For treelets as response data set, there were 3 = 22−1 components. TVE was calculated as V(S∪E). First-order partial terms were calculated as the variation unique to edge effect V(E|S), and the variation unique to space V(S|E). In order to calculate the shared variation, the sum of these unique terms variation was subtracted from TVE. Unexplained variation was calculated as 1−TVE.
We classified all sampled species into two groups according to their conservation importance. Species were classified either as (1) disturbance-tolerant, i.e. native pioneer or generalist species and exotic species; or (2) disturbance-sensitive, which includes native late-successional and habitat specialist species. This classification was based on data from published ecological, floristic and phytosociological studies; on information from herbarium records; and on our previous field experience within the Atlantic Forest (see Sansevero et al. 2011). Then simple and partial Mantel tests were used to relate abundance of disturbance-tolerant, disturbance-sensitive and Euterpe edulis palm to edge effect (after dummy variable coding) and space (x and y coordinates). Significance of correlations was tested by means of bootstrapping with 999 permutations.

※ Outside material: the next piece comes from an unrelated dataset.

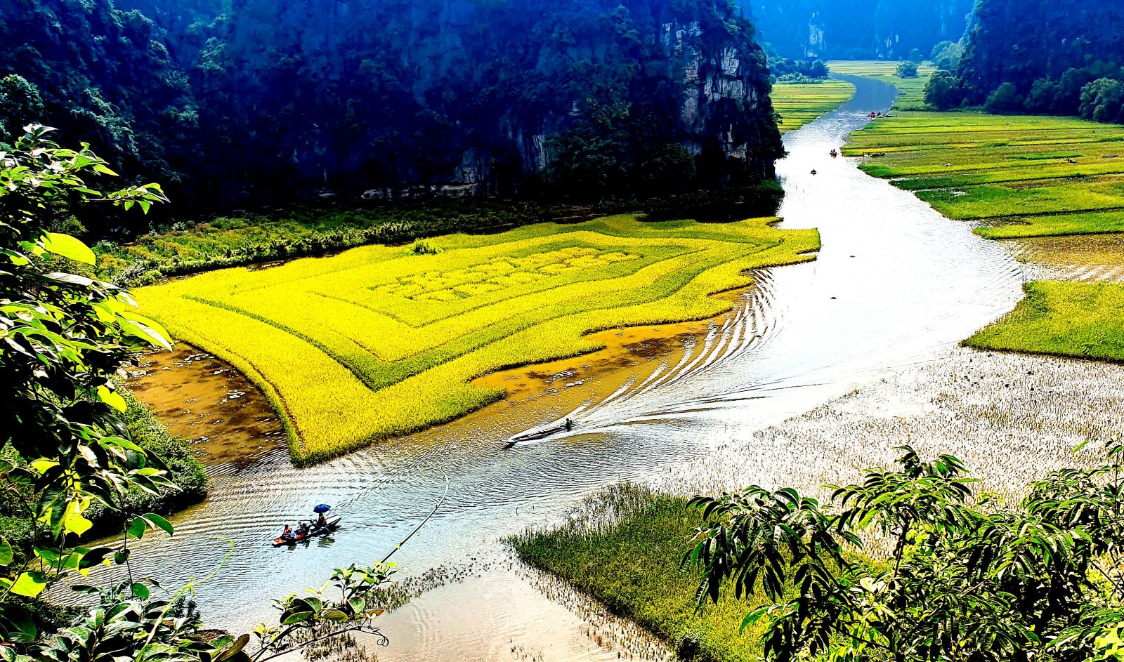 The festival flag is a masterpiece of the nature as seen from above. It becomes even more prominent as lying along the Ngo Dong River. The unique creation in the Tam Coc rice field adds unique beauty, and a difference to the most beautiful ripe golden rice field in Vietnam.

Constrained ordinations and Mantel tests were run in the R environment with packages VEGAN and STATS. For Mantel tests, Euclidean distance was used as distance measure for all data, except for edge effect, for which distances were calculated using the binary method in function dist from the package Stats. We adopted a P-value of 0.1 in all analysis to avoid type II errors, as proposed in Mesquita et al. (1999).